=== Begin Enclosure ===

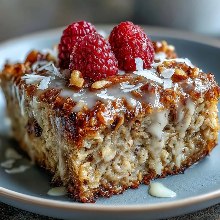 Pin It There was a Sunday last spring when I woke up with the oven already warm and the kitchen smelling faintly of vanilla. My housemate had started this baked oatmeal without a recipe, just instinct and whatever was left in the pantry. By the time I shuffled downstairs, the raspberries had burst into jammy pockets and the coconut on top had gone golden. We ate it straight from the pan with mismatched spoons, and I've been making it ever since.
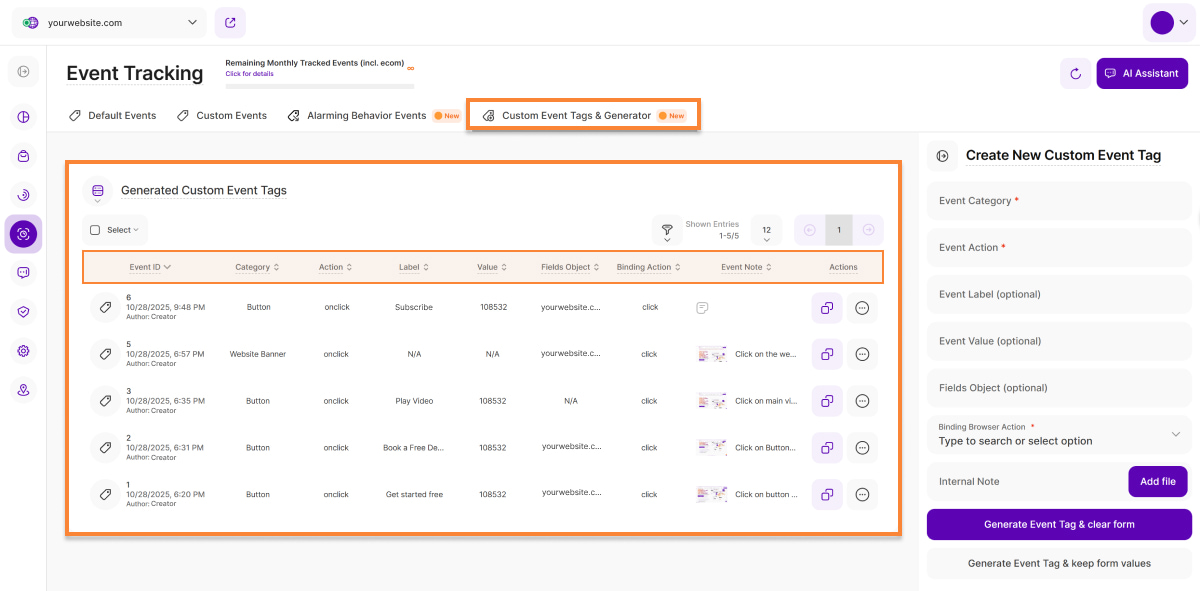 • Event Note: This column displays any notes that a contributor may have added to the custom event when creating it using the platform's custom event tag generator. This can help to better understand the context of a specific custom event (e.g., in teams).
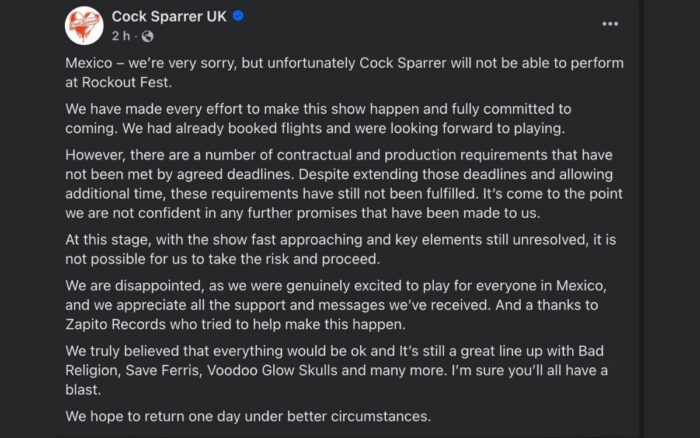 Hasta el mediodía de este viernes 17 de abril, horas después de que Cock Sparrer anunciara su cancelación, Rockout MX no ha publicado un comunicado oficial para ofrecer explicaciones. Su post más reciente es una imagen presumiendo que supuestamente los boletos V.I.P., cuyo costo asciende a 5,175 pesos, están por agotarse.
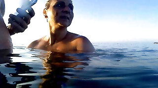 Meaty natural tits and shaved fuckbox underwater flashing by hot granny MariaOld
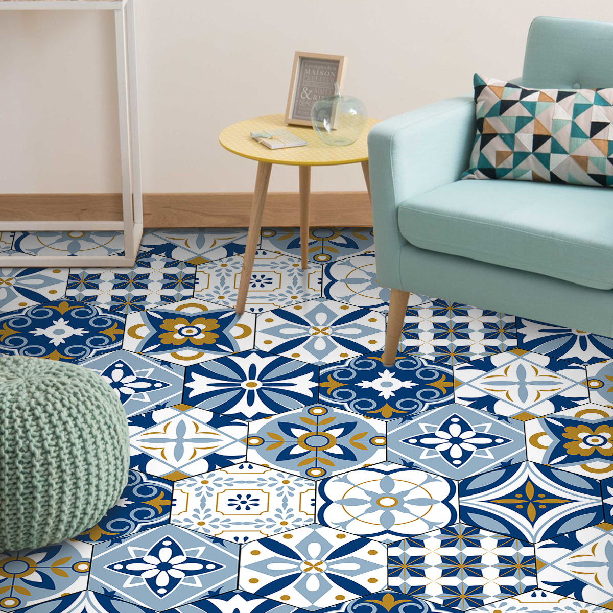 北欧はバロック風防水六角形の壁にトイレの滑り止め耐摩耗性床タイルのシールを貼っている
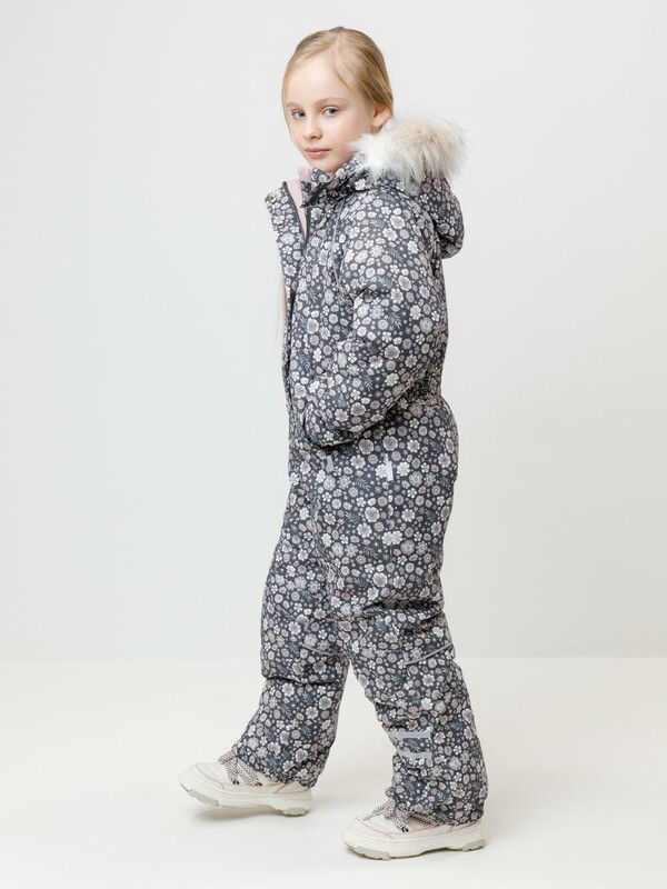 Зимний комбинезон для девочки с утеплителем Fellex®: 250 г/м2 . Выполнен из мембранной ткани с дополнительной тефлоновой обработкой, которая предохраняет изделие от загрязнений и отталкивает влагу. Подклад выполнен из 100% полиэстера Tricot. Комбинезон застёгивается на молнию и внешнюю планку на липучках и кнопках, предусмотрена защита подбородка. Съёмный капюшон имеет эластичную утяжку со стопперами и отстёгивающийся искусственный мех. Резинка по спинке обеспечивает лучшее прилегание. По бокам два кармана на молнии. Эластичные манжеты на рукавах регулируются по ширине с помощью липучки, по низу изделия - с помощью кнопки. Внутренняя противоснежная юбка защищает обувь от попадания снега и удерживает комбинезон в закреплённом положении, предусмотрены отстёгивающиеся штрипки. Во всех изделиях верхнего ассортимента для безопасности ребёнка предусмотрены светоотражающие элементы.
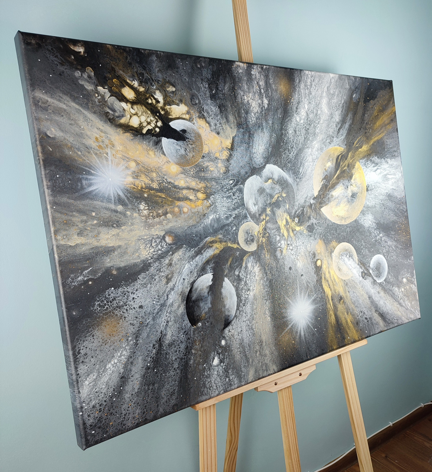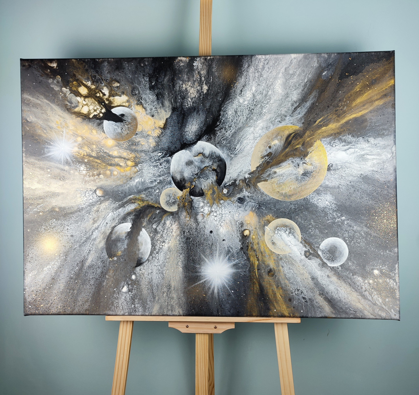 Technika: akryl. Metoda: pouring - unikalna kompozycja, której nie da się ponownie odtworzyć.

=== End Enclosure ===

» **YOUR GOAL**
Without the pictures, return the records above exactly as written.

» **YOUR SOLUTION**
 Pin It There was a Sunday last spring when I woke up with the oven already warm and the kitchen smelling faintly of vanilla. My housemate had started this baked oatmeal without a recipe, just instinct and whatever was left in the pantry. By the time I shuffled downstairs, the raspberries had burst into jammy pockets and the coconut on top had gone golden. We ate it straight from the pan with mismatched spoons, and I've been making it ever since.
 • Event Note: This column displays any notes that a contributor may have added to the custom event when creating it using the platform's custom event tag generator. This can help to better understand the context of a specific custom event (e.g., in teams).
 Hasta el mediodía de este viernes 17 de abril, horas después de que Cock Sparrer anunciara su cancelación, Rockout MX no ha publicado un comunicado oficial para ofrecer explicaciones. Su post más reciente es una imagen presumiendo que supuestamente los boletos V.I.P., cuyo costo asciende a 5,175 pesos, están por agotarse.
 Meaty natural tits and shaved fuckbox underwater flashing by hot granny MariaOld
 北欧はバロック風防水六角形の壁にトイレの滑り止め耐摩耗性床タイルのシールを貼っている
 Зимний комбинезон для девочки с утеплителем Fellex®: 250 г/м2 . Выполнен из мембранной ткани с дополнительной тефлоновой обработкой, которая предохраняет изделие от загрязнений и отталкивает влагу. Подклад выполнен из 100% полиэстера Tricot. Комбинезон застёгивается на молнию и внешнюю планку на липучках и кнопках, предусмотрена защита подбородка. Съёмный капюшон имеет эластичную утяжку со стопперами и отстёгивающийся искусственный мех. Резинка по спинке обеспечивает лучшее прилегание. По бокам два кармана на молнии. Эластичные манжеты на рукавах регулируются по ширине с помощью липучки, по низу изделия - с помощью кнопки. Внутренняя противоснежная юбка защищает обувь от попадания снега и удерживает комбинезон в закреплённом положении, предусмотрены отстёгивающиеся штрипки. Во всех изделиях верхнего ассортимента для безопасности ребёнка предусмотрены светоотражающие элементы.
 Technika: akryl. Metoda: pouring - unikalna kompozycja, której nie da się ponownie odtworzyć.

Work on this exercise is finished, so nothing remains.